You might feel like beating up your boss or driving through the guardrails, but thank God we don’t always do what we feel.
Instead, let’s back this up and ask some important questions.
Why do I want to be in a relationship with this boy?
What will happen if I follow through with this?
Am I even ready for anything like this?
Where are these feelings coming from? Are they based in a mature understanding of relationships or a derivative pseudo-romance from some movies I watched?
Where did I learn my idea of relationships from?
What are your motives? Are you longing for this because you’re afraid of being alone? Or dislike being single? Or because this boy is cute in the face?
See: Most people do NOT get to the bottom of their feelings. They just follow the latest, loudest emotion and run themselves into oblivion, and then repeat themselves without learning from the last season. Many of us have bought into paradigms about dating, sex, money, fame, and success without clearly thinking for ourselves.
I’m not saying you’ve done this. Actually, I believe you are smart and capable enough to reflect on these things and root out what’s right. You will discover some good motives and some messy ones; you’ll find out what’s really driving you. But it takes that confrontation with yourself first.
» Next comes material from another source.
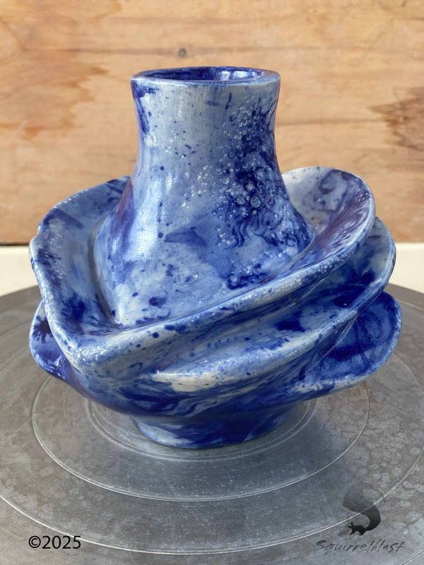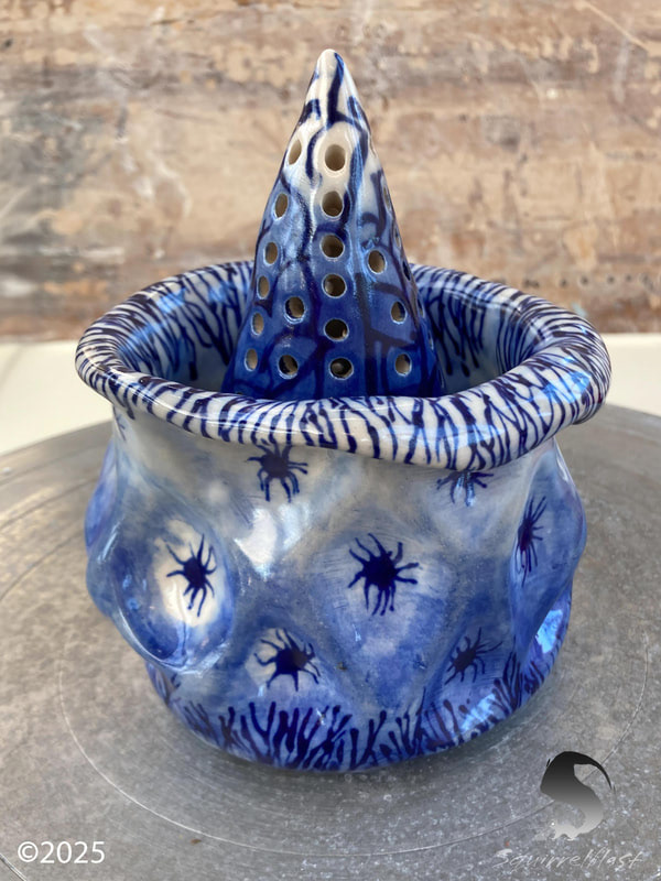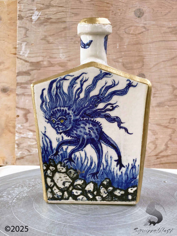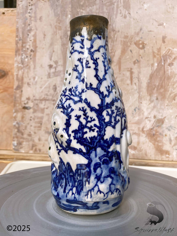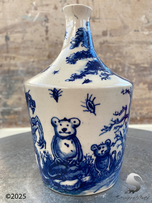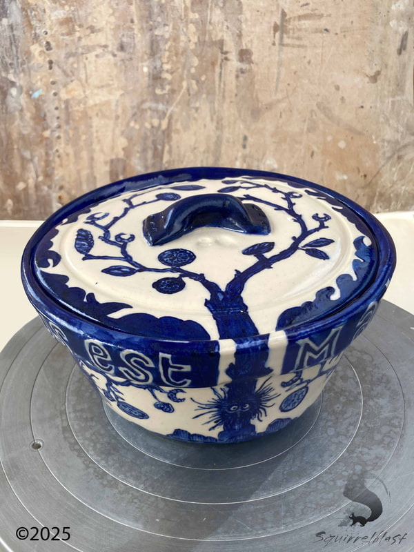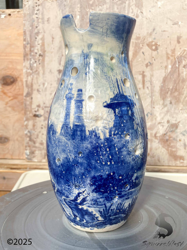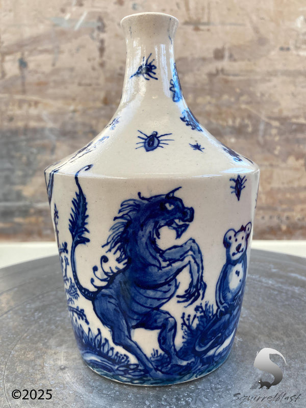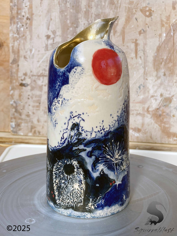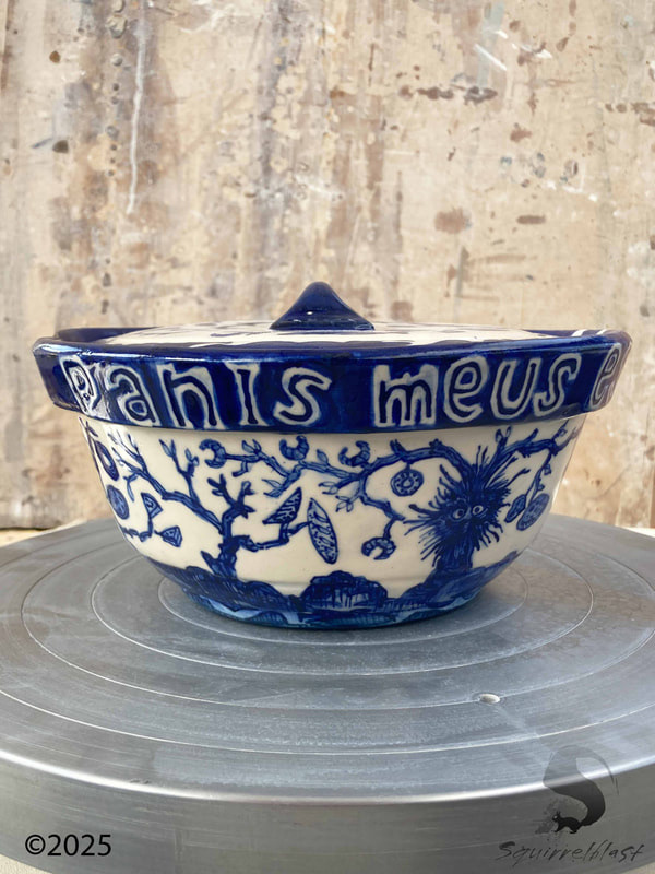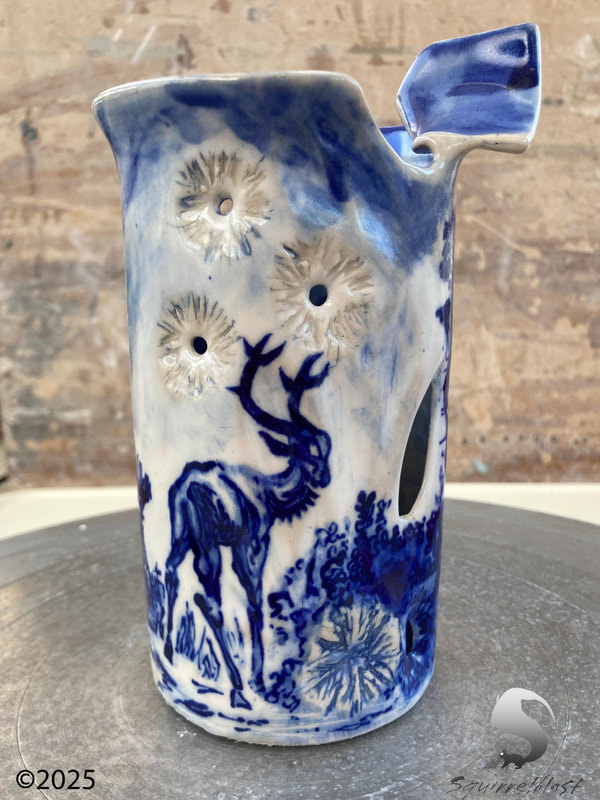 When the clay is 'leather hard' trimming and adding details on the greenware is a long and time consuming activity. Brushing underglazes on bisque fired pots is another tricky one. Applied colours are instantaneously sucked into the fired clay. The technique is completely different from painting on canvas or paper. Brush marks are pretty short , contrast has to be imagined as the darkest tones are very pale before the 'glaze firing' stage. Liquid glaze colours do not match the final fired glazes, therefore there is no margin for error.

So please go through your heart with prayer and deep reflection, and I think the bigger you see God’s power, purpose, and presence: the more you will gain perspective.
– Hi, Pastor J! I’d like to say that I’ve been in good terms with a friend and he recently confessed his feelings for me. I told him that I felt the same way but we agreed not to go steady immediately; instead, develop our friendship first. It’s going well so far and we try our best to center God in our relationship. We go online to have Bible study every night, and comfort each other with the Word of God. Just wondering if you have any thoughts on how to make this a more fruitful relationship?